Available data |
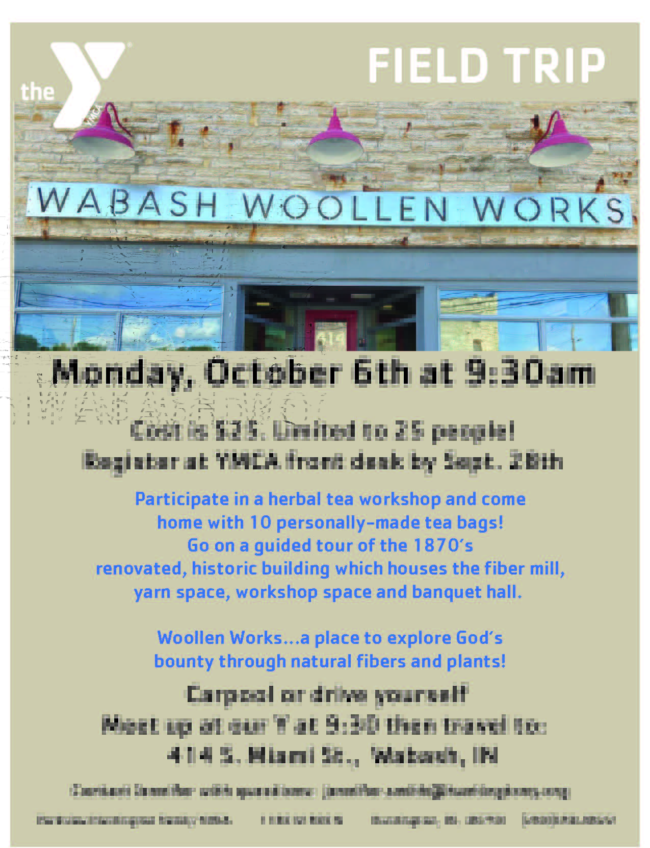 OCT 6th 9:30am: WOOLLEN WORKS FIELD TRIP & HERBAL TEA WORKSHOP ($25). Meet at our Y to carpool with friends to Wabash Woollen Works located at 414 S. Miami St., Wabash. Attend the herbal tea workshop (2hrs), bring home your homemade tea bags and tour the historic, renovated fiber mill! See flyer HERE.
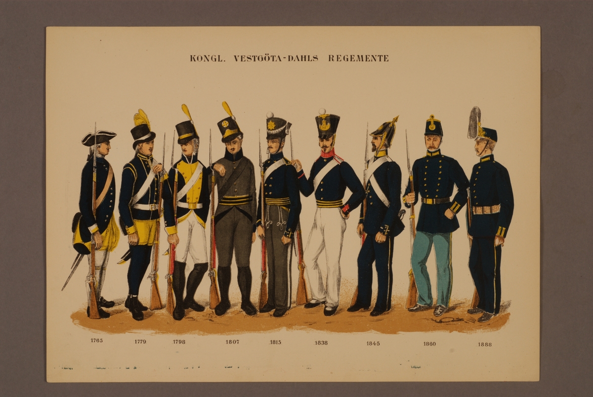 Plansch i färgtryck med uniform för Västgöta-Dals regemente för åren 1765-1888. Ingår i planschsamlingen Svenska krigsmaktens fordna och nuvarande munderingar utgiven av P.B Eklund 1900-1905.
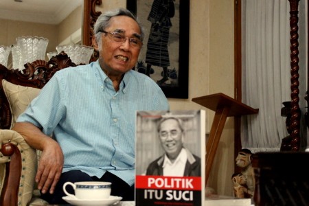 Politisi senior PDI Perjuangan, Sabam Sirait, membuka sedikit dari isi buku Politik Itu Suci. Buku yang akan diluncurkan pada hari Minggu depan ini (10/11) menuliskan gagasan dan praktek politik Sabam, yang juga merupakan pendiri PDI, sebelum akhirnya berubah menjadi PDI Perjuangan. YAYAN SOPYANI AL HADI/RMOL
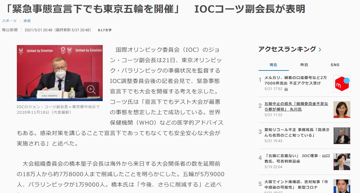 IOC「東京に緊急事態宣言が出てても東京オリンピックはやるぞ」 2021年05月21日 カテゴリ:ニュース Tweet 12Comments 1: 名無し 2021/05/21(金) 20:30:19.09 ID:WNfkPRnfd 「緊急事態宣言下でも東京五輪を開催」 IOCコーツ副会長が表明 https://mainichi.jp/articles/20210521/k00/00m/050/342000c 続きを読む タグ :#病気#スポーツ#イベント 【朗報】東京五輪、有観客で開催か 時給2000円で会場スタッフ募集開始 2021年05月20日 カテゴリ:ニュース Tweet 13Comments 1: 名無し 2021/05/20(木) 01:31:24.66 ID:9xqk1xRW0 2000人以上確保する模様 続きを読む タグ :#スポーツ 三木谷「東京オリンピック開催は自殺行為。日本政府のコロナ対応は10点満点で2点」 2021年05月15日 カテゴリ:ニュース Tweet 19Comments 1: 名無し 2021/05/15(土) 05:43:39.43 ID:vYdzKsz60 五輪開催「自殺行為」と楽天社長 米テレビのインタビューで https://news.yahoo.co.jp/articles/3b780e8154428ef4125405b98e069263a4fc25b8 4: 名無し 2021/05/15(土) 05:44:25.58 ID:25OZXzKtM 言うやん 続きを読む タグ :#スポーツ#イベント#病気 ステージ4でも五輪を開催するのか問われた菅首相 「対策しっかり・・・」を繰り返すだけの機械になる 2021年05月11日 カテゴリ:ニュース Tweet 12Comments 1: 名無し 2021/05/10(月) 18:11:17.39 ID:equ4AmOO0 ステージ4でも五輪? 「対策しっかり…」繰り返す首相 https://digital.asahi.com/articles/ASP5B415YP5BUTFK00J.html 2: 名無し 2021/05/10(月) 18:11:25.51 ID:equ4AmOO0 ヤバすぎやろ 続きを読む タグ :#スポーツ#イベント#病気 ワシントンポスト「日本は東京五輪を中止したほうがいい。IOCは開催国を食い物にする悪癖がある」 2021年05月06日 カテゴリ:ニュース Tweet 7Comments 1: 名無し 2021/05/06(木) 11:21:25.00 ID:rCpYEWvW9 米有力紙、日本に五輪中止促す IOC批判「開催国を食い物」 https://this.kiji.is/762850499815833600?c=39550187727945729 3: 名無し 2021/05/06(木) 11:22:16.65 ID:MPNkxseh0 バカ会長「そんなバッハな!」 続きを読む タグ :#スポーツ#イベント#病気 東京オリンピック、中止・延期すべきが94%wwwwwwwwwww 2021年05月02日 カテゴリ:ニュース Tweet 7Comments 1: 名無し 2021/05/01(土) 01:42:32.94 ID:tIXKyU6m0 「人命より大事な五輪などない」 東京五輪の今夏開催、 「中止・再延期すべき」が94% https://news.yahoo.co.jp/articles/d3fc21392d16a18b1b237b92587174b6df45670d 続きを読む タグ :#スポーツ#イベント 尾身会長「東京五輪を開催するかどうか議論するべき時期にきた」 2021年04月29日 カテゴリ:ニュース Tweet 10Comments 1: 名無し 2021/04/28(水) 20:58:20.56 ID:of5K2baAM 政府分科会の尾身会長 「五輪 議論始めるべき時期」https://news.yahoo.co.jp/articles/367c979dde1732b91c9dec72df87df4dd1fdd3cc 続きを読む タグ :#スポーツ#イベント#病気 日本政府、野球とサッカーのスポーツ賭博合法化を検討 合法化された場合約7兆1000億円強規模のスポーツ賭博市場が誕生 2021年04月28日 カテゴリ:ニュース Tweet 6Comments 1: 名無し 2021/04/28(水) 12:55:22.08 ID:qDNpRZGH0 日本政府、サッカーと野球のスポーツ賭博合法化を検討-報道https://www.bloomberg.co.jp/news/articles/2021-04-28/QS93WYT0AFB701 まじ 続きを読む タグ :#スポーツ 安倍晋三「東京オリンピックの開催は正直厳しいよね」 2021年04月23日 カテゴリ:ニュース Tweet 8Comments 1: 名無し 2021/04/22(木) 16:18:03.52 ID:qR/RRhXQd 菅首相「夏に絶対やる」 五輪強行で 血税1300億円消失 怖い女だから」菅側近が怖れる小池のあの一言 ▼コロナ分科会委員「五輪に医師を割くのは難しい」 ▼二階「中止なら政権飛ぶ」派閥幹部は「もう中止しかない」▼自分のために1年延期安倍「正直 厳しいよね」▼NHKではわからない聖火リレーのブラック現場 http://shukan.bunshun.jp/articles/-/14731 続きを読む タグ :#イベント#スポーツ#病気#経済#政治 |<<前のページ...4647484950次のページ>>|
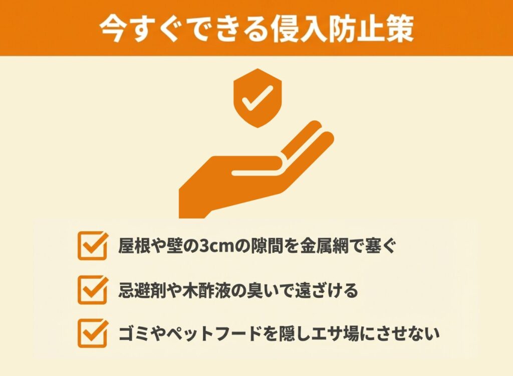 - 忌避剤や木酢液を侵入口付近に設置
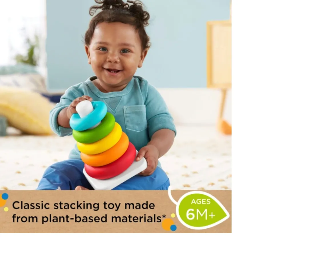 Made with plant-based materials, the Fisher-Price Rock-a-Stack toy is a classic stacking toy for little ones. The wibbly-wobbly rocker base is made for bat-at fun, with 5 colourful rings for little hands to grasp and stack.A Fun Learning ToolStacking the rings helps baby develop their hand-eye coordination. The Fisher-Price Rock-a-Stack baby sensory toy introduces the concept of relative size as baby learns to sort and stack the rings from biggest to smallest.Plant-Based ToyThe Fisher-Price Rock-a-Stack baby sensory toy is made from a minimum of 90% ethanol extracted from sugar cane. It even comes in FSC certified packaging for greener play.Sensory PlayBaby sensory toys are hugely beneficial to your child’s development. This baby sensory toy has bright colours and hands on activities to stimulate your baby’s senses.
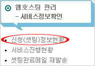 "À¥È£½ºÆÃ°ü¸®" ¸Þ´º Áß ½Åû(¼ÂÆÃ)Á¤º¸ ÇöȲÀ» Ŭ¸¯Çϰí ÀÌÈÄ ³»¿ªÁß¿¡ È®ÀÎÀ» ¿øÇϽôÂ
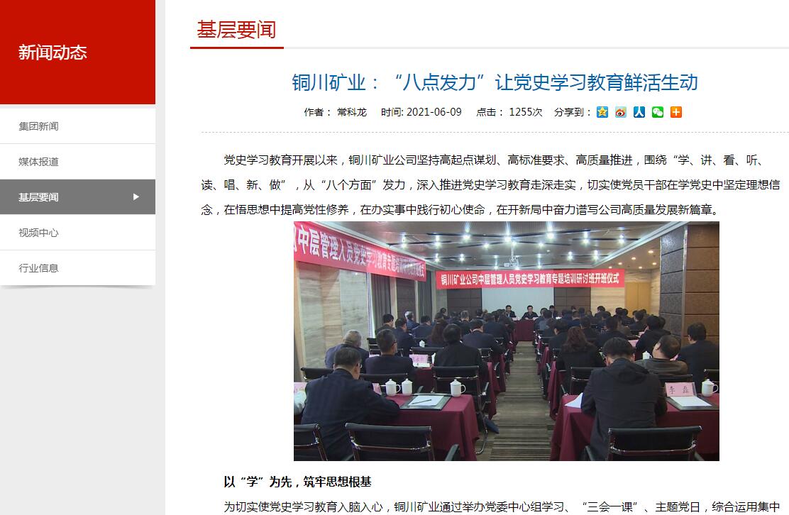 黨史學(xué)習(xí)教育開展以來,銅川礦業(yè)公司堅持高起點謀劃、高標(biāo)準(zhǔn)要求、高質(zhì)量推進,圍繞“學(xué)、講、看、聽、讀、唱、新、做”,從“八個方面”發(fā)力,深入推進黨史學(xué)習(xí)教育走深走實,切實使黨員干部在學(xué)黨史中堅定理想信念,在悟思想中提高黨性修養(yǎng),在辦實事中踐行初心使命,在開新局中奮力譜寫公司高質(zhì)量發(fā)展新篇章。
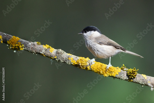 Naklejka premium Bird - Marsh Tit ( Poecile palustris ) perched on tree autumn time small bird...
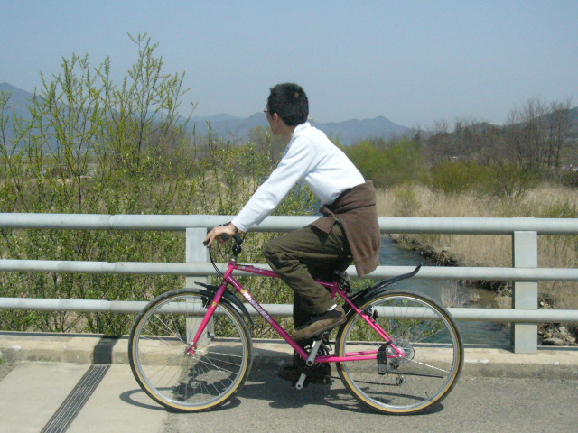| 途中川を渡ったり、畑を横切りながらどんどん進んでいく。すれ違う人たちとは自然と「こんにちは」と挨拶を交わす。畑の横の坂を立ち漕ぎしていると、農作業をしているおじさんから「頑張れ」と声をかけられる。昔は冷たくて人情がないと思っていた東京にいつの間に慣れきってしまっていた自分に気付く。ペダルを漕ぐ。 | ![]() |

Your instructions |
Return the material line for line, from its beginning to the line that contains "Politisi senior PDI", with the pictures left out.

Finished exercise |
 OCT 6th 9:30am: WOOLLEN WORKS FIELD TRIP & HERBAL TEA WORKSHOP ($25). Meet at our Y to carpool with friends to Wabash Woollen Works located at 414 S. Miami St., Wabash. Attend the herbal tea workshop (2hrs), bring home your homemade tea bags and tour the historic, renovated fiber mill! See flyer HERE.
 Plansch i färgtryck med uniform för Västgöta-Dals regemente för åren 1765-1888. Ingår i planschsamlingen Svenska krigsmaktens fordna och nuvarande munderingar utgiven av P.B Eklund 1900-1905.
 Politisi senior PDI Perjuangan, Sabam Sirait, membuka sedikit dari isi buku Politik Itu Suci. Buku yang akan diluncurkan pada hari Minggu depan ini (10/11) menuliskan gagasan dan praktek politik Sabam, yang juga merupakan pendiri PDI, sebelum akhirnya berubah menjadi PDI Perjuangan. YAYAN SOPYANI AL HADI/RMOL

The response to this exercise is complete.